The Cross-Entropy Loss is commonly used for binary classification tasks. It measures the difference between the true labels and the predicted probabilities.
* $J = -\frac{1}{m} \sum_{i=1}^{m} \left[ y^{(i)} \log(\hat{y}^{(i)}) + (1 - y^{(i)}) \log(1 - \hat{y}^{(i)}) \right]$

Where,
* $m$ is the number of training examples
* $y^{(i)}$ is the true label (0 or 1) for example $i$
* $\hat{y}^{(i)}$ is the predicted probability for example $i$

In [11]:
# Cross-Entropy Loss Function

def cost_function(AL, Y):
    """
    Compute the cross-entropy loss.

    Arguments:
    AL -- Probability vector corresponding to label predictions, shape (1, m)
    Y -- True "label" vector, shape (1, m)

    Returns:
    cost -- Cross-entropy cost
    """
    m = Y.shape[1]
    # To prevent log(0), clip AL to [1e-15, 1 - 1e-15]
    AL = np.clip(AL, 1e-15, 1 - 1e-15)
    cost = - (1/m) * np.sum(Y * np.log(AL) + (1 - Y) * np.log(1 - AL))
    return np.squeeze(cost)

*Code Analysis*
1. Input Parameters:
 * AL: Predicted probabilities from the output layer (shape: (1, m)).
 * Y: True labels (shape: (1, m)).

2. Clipping AL:
 * Prevents taking the logarithm of 0 by ensuring all probability values are within (1e-15,1-1e-15).
3. Cost Calculation:
 * Computes the average cross-entropy loss over all training examples.

In [12]:
# Example of Cross-Entropy Loss Function
AL = sigmoid(np.array([[0.9, 0.2, 0.8, 0.4]]))
Y = np.array([[1, 0, 1, 0]])
print("Cross-Entropy Loss:", cost_function(AL, Y))
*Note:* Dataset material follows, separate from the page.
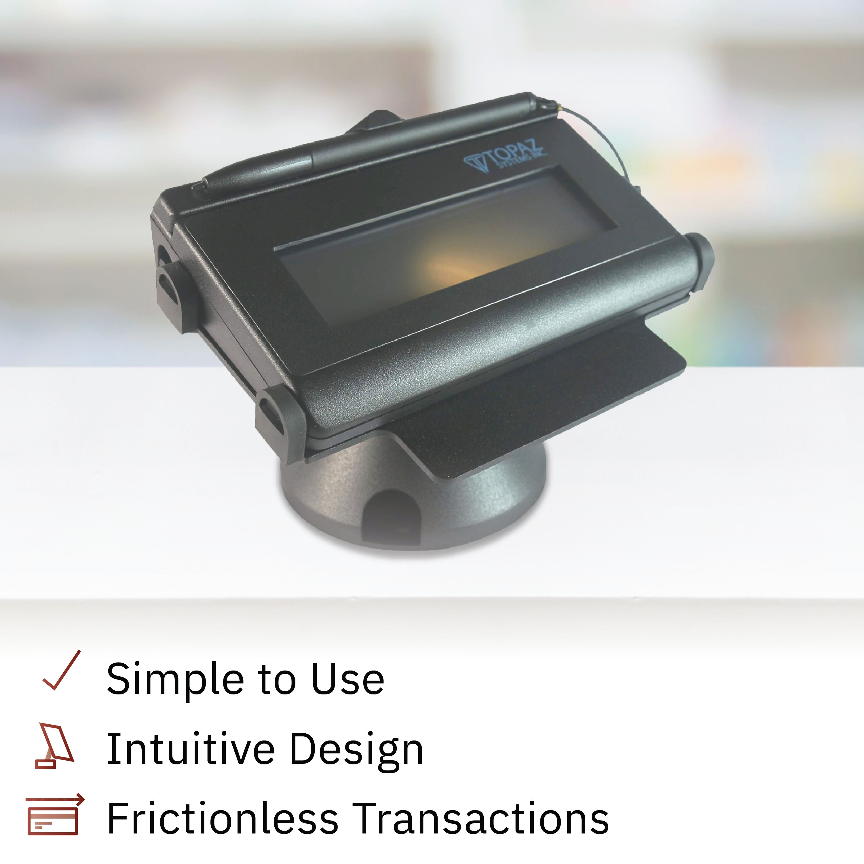NEW! Lower height swivel and tilt stand to suit the Topaz signature writing pad T-LBK460-B-R-1x5. Stands 4” high at the middle of the plate.

Cross-Entropy Loss: 0.6058521656153525


##**3.7.4: Backpropagation**

**Definition 3.7.9**

Backpropagation is the cornerstone of training neural networks. It efficiently computes the gradients of the loss function with respect to each weight and bias by applying the chain rule of calculus. This process allows the network to update its parameters to minimize the loss.



**Mathematical Intuition 3.7.10**

For each layer $l$ in the network, backpropagation involves:
1. Compute Gradient of Cost with Respect to Output Activation:
 * $\delta^{(L)} = \mathbf{A}^{(L)} - \mathbf{Y}$
 * where $L$ is the output layer.
2. Compute Gradients for Each Layer:
 * $\delta^{(l)} = (\mathbf{W}^{(l+1)})^T \delta^{(l+1)} \cdot g'(Z^{(l)})$
 * where $𝑔^′$ is the derivative of the activation function.
3. Compute Gradients with Respect to Weights and Biases:
 * $\frac{\partial J}{\partial \mathbf{W}^{(l)}} = \frac{1}{m} \delta^{(l)} \mathbf{A}^{(l-1)T}$
 * $\frac{\partial J}{\partial \mathbf{b}^{(l)}} = \frac{1}{m} \sum \delta^{(l)}$

In [13]:
# Backpropagation Implementation

def backward_propagation(parameters, activations, Y):
    """
    Implement backpropagation to compute gradients.

    Arguments:
    parameters -- Dictionary containing weights and biases.
    activations -- Dictionary containing activations from forward propagation.
    Y -- True labels, shape (1, m)

    Returns:
    grads -- Dictionary containing gradients with respect to each parameter.
    """
    grads = {}
    L = len(parameters) // 2  # Number of layers
    m = Y.shape[1]

    # Initialize backpropagation
    # Compute derivative for the output layer
    A_final = activations[f"A{L}"]
    dZ = A_final - Y  # For sigmoid activation and cross-entropy loss
    grads[f"dW{L}"] = (1/m) * np.dot(dZ, activations[f"A{L-1}"].T)
    grads[f"db{L}"] = (1/m) * np.sum(dZ, axis=1, keepdims=True)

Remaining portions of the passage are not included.